Context Engineering

It is Tuesday afternoon. You open a new session and ask the agent to extend the feature you built Monday. It generates something that contradicts the architecture decision you made two days ago — the one you spent 40 minutes deliberating over in last Friday’s planning session.

The agent is not stupid. It never saw that decision. Your context window expired.

That is context rot. And fixing it is not about writing better prompts — it is about engineering the information that reaches the model.

What context engineering actually is

Anthropic defines context engineering as curating the smallest possible set of high-signal tokens for each agent call. Not the most complete record of everything that ever happened. Not a wall of documentation preloaded at session start. The minimum set needed to do the next unit of work correctly.

This matters because every frontier model degrades as the window fills. Chroma’s research confirmed it across models: quality drops measurably as context grows, well before you hit the token ceiling. More tokens do not mean better answers — past a certain point they mean worse ones.

The practical corollary: a focused 30K-token session will outperform a bloated 200K one on the same task.

The Vibe Coding Reference already covers the 60-70% effective-context rule and the /clear vs /compact decision table — bookmark that cheat-sheet and come back to it. This lesson explains why degradation happens and goes deeper on the four levers that prevent it.

The four levers

1. Compaction

When a session accumulates dead weight — failed approaches, long error traces, exploratory tangents — compaction distills the thread into a summary the model can reason from efficiently.

/compact

Run it at natural boundaries: after a feature lands and is committed, before shifting to a different area of the codebase, when you notice the model starting to contradict itself. The goal is to compact after work is safe in git — compaction is lossy by design, and the commits are your real record.

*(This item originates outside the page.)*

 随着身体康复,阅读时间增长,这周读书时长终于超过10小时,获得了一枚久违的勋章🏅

Claude Code’s auto-compact triggers near the window limit. Getting ahead of it manually keeps you in control of what gets preserved.

2. Just-in-time retrieval

Preloading every file that might be relevant at session start is a tax you pay in tokens up front, on things the agent may never use.

Instead, reference files only when the agent actually needs them:

@src/services/billing.ts -- add a refund method following the existing patterns in this file

The @-reference pulls the file into context precisely when the agent needs it, then it can be compacted or cleared on the next boundary. This is especially valuable in large repos: let the agent navigate to what it needs rather than flooding it with your entire src/ tree.

3. Structured note-taking

For work that spans multiple sessions, the agent’s in-memory state is useless the moment you close the terminal. What persists is what you wrote down.

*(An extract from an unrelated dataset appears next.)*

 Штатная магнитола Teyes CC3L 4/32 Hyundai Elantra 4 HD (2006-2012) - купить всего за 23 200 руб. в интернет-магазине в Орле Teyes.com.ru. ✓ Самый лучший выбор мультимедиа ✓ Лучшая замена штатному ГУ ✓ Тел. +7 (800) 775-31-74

Before you compact or end a session, tell the agent to record what it learned:

Before we compact: summarize the three decisions we made today about
the data model, and append them to CLAUDE.md under ## Session Notes.

This gives you a persistent, human-readable audit trail that the agent re-reads on the next open. Plan files work the same way — a spec the agent references at the start of each session beats re-explaining your architecture from scratch every morning. (More on spec-driven workflows in Lesson 7: Spec-Driven Development.)

Claude Code also maintains a per-project auto-memory (a MEMORY.md index plus topic files) that persists across sessions. Run /memory to inspect and edit it.

4. Isolation via subagents

Sometimes the best way to protect your main context window is to not use it at all for a subtask.

Delegate exploratory research, dependency audits, or large-file analysis to a subagent. Its dead-ends, verbose output, and half-formed conclusions stay in its own window — your main session only sees the distilled result. This is covered in depth in Lesson 5: Subagents and Orchestration.

Memory files that actually work

The four levers above assume the agent has a baseline to work from. That baseline is your memory file. Here is what separates one that constrains behavior from one that evaporates.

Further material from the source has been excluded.